Although we don't believe in timing the market or panicking over market movements, we do like to keep an eye on big changes -- just in case they're material to our investing thesis.

What: Shares of controversial commodities broker MF Global (NYSE: MF) spiked as much as 26.4% in pre-market trading this morning -- then gave it all back and then some amid extremely heavy trading. As of this writing, MF shares have fallen 4% since Wednesday's closing bell and 19% from this morning's opening prices.

So what: The nightly surge came after The New York Post said that MF has hired JPMorgan Chase (NYSE: JPM) to help it explore "options," including the potential sale of all or part of the company. A later Bloomberg story named Evercore Partners as the real advisor while underscoring MF's mistakes and bad practices in 2011, and the supposed buyout enthusiasm faded to black in a matter of minutes.
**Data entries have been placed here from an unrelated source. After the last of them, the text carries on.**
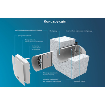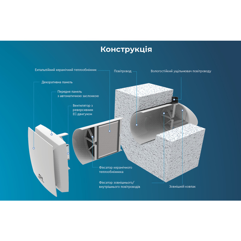 В основі пристрою — керамічний теплообмінник та потужний вентилятор, які забезпечують двосторонній повітрообмін. Коли повітря виводиться з приміщення, тепло з нього захоплюється керамікою. Далі у зворотному напрямку в кімнату надходить свіже повітря, яке під час проходження через вже нагрітий теплообмінник отримує тепло взимку або прохолоду влітку. Це не тільки комфортно, але й надзвичайно економно!
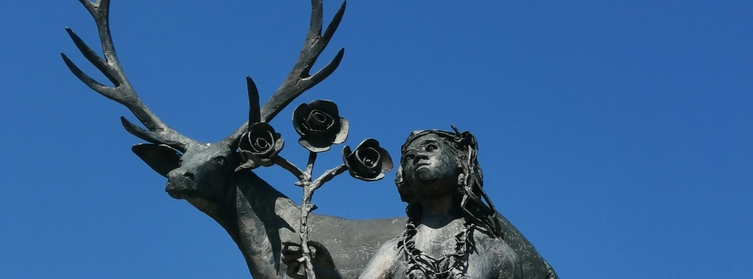 Bei der Skulptur handelt es sich um die künstlerische und plastische Umsetzung des Klosterwappens der Benediktinerabtei Kloster Plankstetten vom Künstler Alfred Böschl. Der Hirsch als Hinweis auf das Gründergeschlecht des Klosters Plankstetten, die Grafen und Hirschberg und das Mohrenfräulein Blanca, von der sich wohl der Ortsname "Blancstetten" ableitet. Der Schnitt im Stein soll den Kanal versinnbildlichen, der das Klosterdorf Plankstetten in zwei Teile geteilt hat.
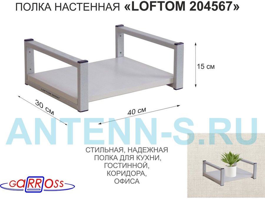 В корзину Купить в 1 клик Полка для цветов 15см "LOFTOM 204567" размер 30х40см, серый/сосна выбел.

Now what: This is 2008 all over again for MF investors. The company has taken financial risks that would make Lehman Brothers and Bear Stearns look conservative, essentially gambling on unknowable outcomes like an orderly resolution of the European debt crisis with money the firm never should have touched. This stock ran neck-and-neck with underperforming bankers such as Goldman Sachs (NYSE: GS), Bank of America (NYSE: BAC), and Morgan Stanley (NYSE: MS) for most of 2011 as all four stocks lost more than 40% of their value year-to-date -- but this week's collapse makes the other guys look great by comparison.